Mcp Plumbing

Plumbing Maintenance: What Breaks and How Often

Rza

25 Dec 2025 — 9 min read

Nobody budgets for maintenance. The pitch deck shows the architecture diagram with clean arrows between services. The sprint plan covers building the integrations. The roadmap shows the features those integrations enable. Nowhere in any of these documents is a line item that says "keep this working after we build it." And yet maintenance — not building, maintaining — is where most of the actual cost of AI plumbing lives. The build is a one-time expense. The maintenance is a subscription you never agreed to, billed in engineering hours, payable forever.

What It Actually Does

AI plumbing breaks in six predictable categories. They're predictable because they happen to everyone, on roughly the same timelines, for the same reasons. The unpredictable part is which one hits you first.

Auth expiry is the most common failure and the most preventable. OAuth tokens expire — typically every hour, with refresh tokens lasting days to months depending on the provider. API keys don't expire automatically but get rotated by admins, revoked during security audits, or invalidated when someone changes the associated account. If your system doesn't handle token refresh automatically, this isn't a potential problem. It's a scheduled outage you haven't put on the calendar yet. The typical cadence: OAuth token refresh failures surface within days to weeks, depending on the provider's token lifetime. API key rotations hit whenever your ops team or the service provider triggers one — quarterly if you're disciplined, randomly if you're not.

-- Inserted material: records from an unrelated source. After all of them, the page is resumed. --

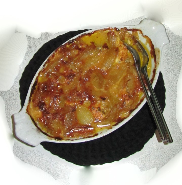 Maksapasteijan lisäkkeeksi valmistin kuvan ruokaa, joka ei ole lainkaan niin rasvaista, kuin miltä se näyttää. Kyseessä on ”vanha rakkaus” eli Mysi Lahtisen ”Talvinen sipuliherkku”. Ruokalaji, joka sopii lisäkkeeksi esimerkiksi maksapihveille, mutta menee ihan pääruoastakin. Valitettavasti meillä oli melko isokokoisia sipuleita, enkä saanut niitä säilymään ehjinä. Talvinen sipuliherkku on nimittäin myös hyvin kaunis ruoka pikkusipuleista valmistettuna.
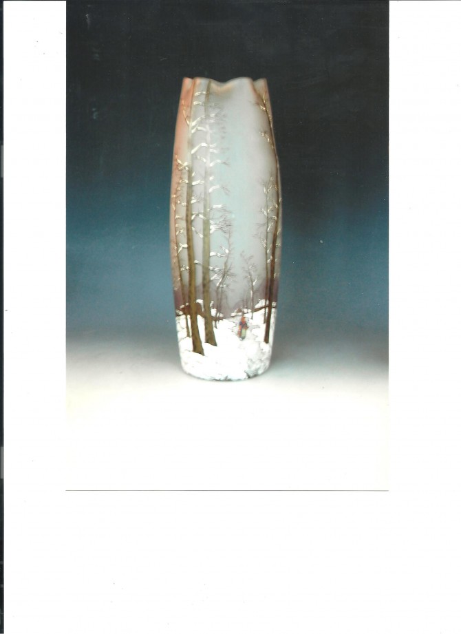 Legras 1900 ca, vaso con decoro a smalti di paesaggio innevato, alberi e figura su fondo grigio H cm 36.
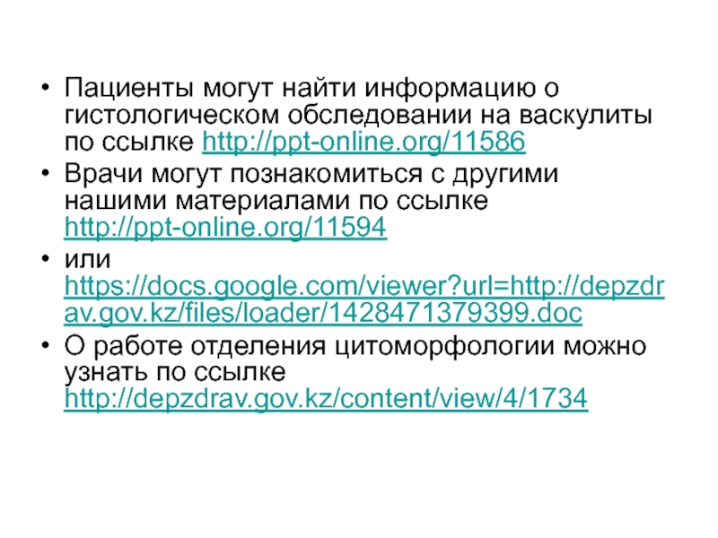 Пациенты могут найти информацию о гистологическом обследовании на васкулиты по ссылке
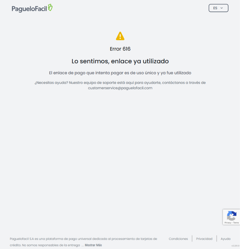 Esta guía explica el error 616, una validación de seguridad de PagueloFacil que se activa cuando se intenta procesar un pago a través de un enlace de uso único que ya ha completado su ciclo de vida.
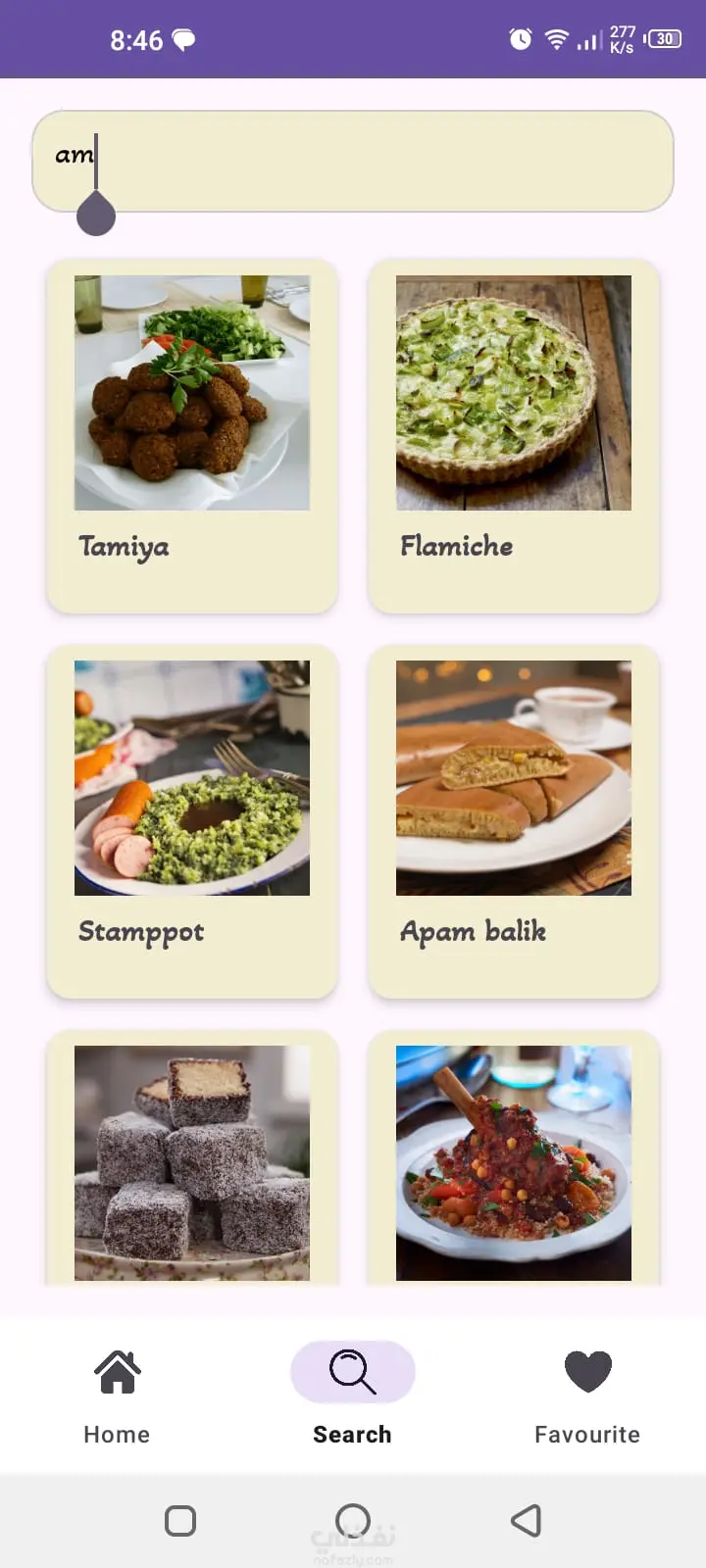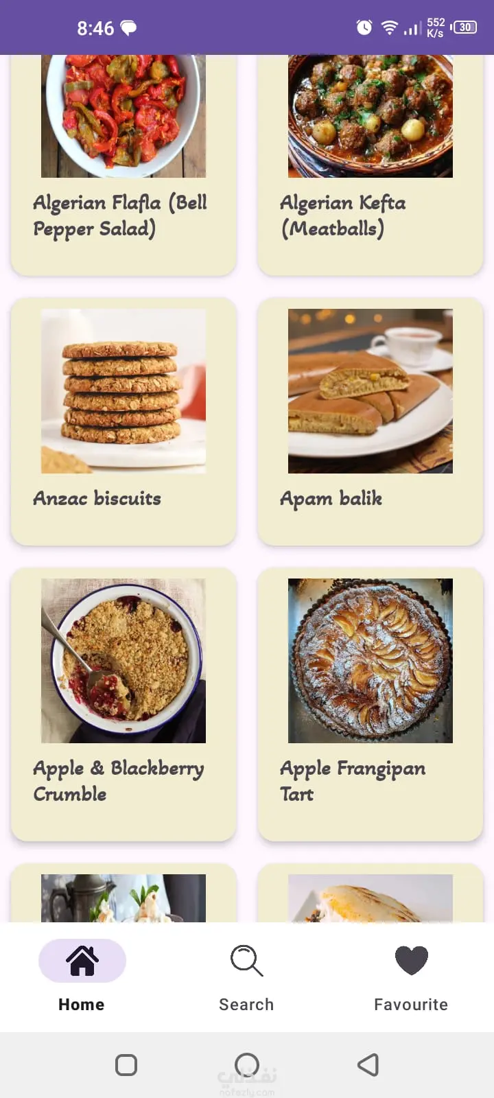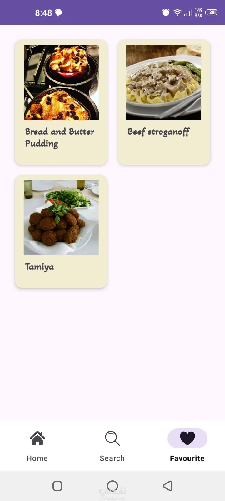 Recipe App – تطبيق وصفات طعام تطبيق أندرويد متكامل لعرض وصفات الطعام تم تطويره باستخدام Kotlin وAndroid Native، مع الاعتماد على API لجلب البيانات بشكل ديناميكي. أهم المميزات: عرض قائمة الوصفات داخل RecyclerView بصورة واسم مختصر شاشة تفاصيل تحتوي على صورة كاملة، المكونات، وطريقة التحضير خاصية البحث (Search) للوصول السريع للوصفات تصنيف الوصفات حسب الفئات (Categories) استخدام Navigation Component لإدارة التنقل بين الشاشات ربط البيانات باستخدام Retrofit تطبيق Data Binding لكتابة كود منظم وقابل للتطوير تصميم متجاوب يعمل بكفاءة على مختلف أحجام الشاشات التطبيق يركز على تجربة مستخدم سلسة، أداء سريع، وكود نظيف وفق أفضل ممارسات البرمجة

API deprecation is slower but more disruptive. Major API versions get deprecated with 6-12 months' notice, usually. Minor endpoint changes — a field renamed, a parameter moved, a response format tweaked — happen more frequently and with less fanfare. Google is notorious for deprecating APIs on aggressive timelines [VERIFY]. Stripe gives generous notice but still ships breaking changes that require migration work. The pattern: expect at least one meaningful API change per year per service you integrate with. If you integrate with five services, you're doing API migration work at least quarterly.

Rate limit changes are the invisible wall. You build and test at low volume. Everything works. Usage grows. Suddenly your integration is getting throttled because the service tightened its rate limits, or your traffic pattern changed, or you hit a tier boundary you didn't know existed. Rate limit documentation is often incomplete or outdated — the documented limits and the actual limits diverge, and you find out by getting 429 responses. This typically surfaces 1-3 months after launch, when real usage patterns diverge from testing patterns.

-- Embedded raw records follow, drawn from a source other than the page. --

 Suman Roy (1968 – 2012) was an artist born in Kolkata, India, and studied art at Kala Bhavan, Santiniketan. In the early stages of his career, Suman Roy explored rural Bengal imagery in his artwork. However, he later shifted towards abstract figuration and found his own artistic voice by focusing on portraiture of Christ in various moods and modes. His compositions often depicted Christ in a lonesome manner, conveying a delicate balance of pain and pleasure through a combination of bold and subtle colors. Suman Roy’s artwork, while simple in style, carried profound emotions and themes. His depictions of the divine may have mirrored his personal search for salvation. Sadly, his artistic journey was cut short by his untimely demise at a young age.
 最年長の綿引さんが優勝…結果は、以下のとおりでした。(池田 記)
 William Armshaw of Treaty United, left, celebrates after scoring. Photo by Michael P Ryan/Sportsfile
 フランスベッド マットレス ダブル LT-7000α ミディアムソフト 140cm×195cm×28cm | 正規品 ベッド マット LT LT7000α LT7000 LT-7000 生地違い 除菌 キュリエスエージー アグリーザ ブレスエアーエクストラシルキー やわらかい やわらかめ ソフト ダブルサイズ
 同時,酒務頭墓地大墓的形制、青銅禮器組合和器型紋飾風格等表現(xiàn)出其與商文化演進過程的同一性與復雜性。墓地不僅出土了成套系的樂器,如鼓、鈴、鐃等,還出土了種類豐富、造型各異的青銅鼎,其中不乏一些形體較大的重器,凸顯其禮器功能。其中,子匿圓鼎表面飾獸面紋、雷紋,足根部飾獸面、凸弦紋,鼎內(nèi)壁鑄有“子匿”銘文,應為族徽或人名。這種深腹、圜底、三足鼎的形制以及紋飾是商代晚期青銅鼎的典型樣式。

Schema drift is the subtle one. The API still returns 200. The response still has the fields you expect. But a new field was added, an enum got a new value your code doesn't handle, or a nullable field started returning null where it previously always had a value. Your code processes the response successfully — and produces wrong results. Schema drift is the hardest category to detect because it doesn't trigger errors. It triggers incorrect data. The cadence depends on the provider, but for actively developed APIs, expect minor schema changes every 1-3 months.

Provider outages are the most visible and the least controllable. AWS goes down. Stripe has a bad day. Google Cloud has a multi-region incident. Your integration's error handling is either good enough to weather this or it isn't, and you won't find out until it happens. Major providers have 99.9%+ uptime SLAs, which sounds great until you calculate that 99.9% uptime allows for 8.7 hours of downtime per year. Spread across multiple providers, you're looking at your integrations experiencing upstream outages several times annually.

Dependency updates are the maintenance tax on your own code. The SDK you use to call an API releases a new version. The MCP server library has a security patch. The runtime environment (Node.js, Python) ships a breaking release. Each of these requires testing and potentially updating your integration code, even if the upstream service hasn't changed at all. The cadence: major dependency updates every 3-6 months, security patches unpredictably.

What The Demo Makes You Think

The demo shows integrations as pipes — you connect them once and data flows. The architecture diagram shows arrows between boxes. The mental model is plumbing: install it correctly and it works until the building is demolished.

The actual mental model is gardening. Integrations are living things that require regular attention. Skip the watering for long enough and things die. The difference is that dead pipes leak visibly. Dead integrations fail silently.

Here's the failure timeline that nobody shows in a demo. You build an AI pipeline that reads from a Google Sheet, processes data through Claude, and writes results to a Notion database, with Slack notifications along the way. Four integrations. At launch, it works perfectly.

Week 3: The Google OAuth token refresh fails because of a network blip during the refresh attempt. Your pipeline stops reading new data. Nobody notices for two days because the Slack notifications stop too — they run after processing, and there's nothing to process.

Week 8: Notion ships a minor API update. The database property types you're writing to now accept a slightly different format. Your writes start failing with a 400 error. The error message is technically accurate but requires reading Notion's changelog to understand.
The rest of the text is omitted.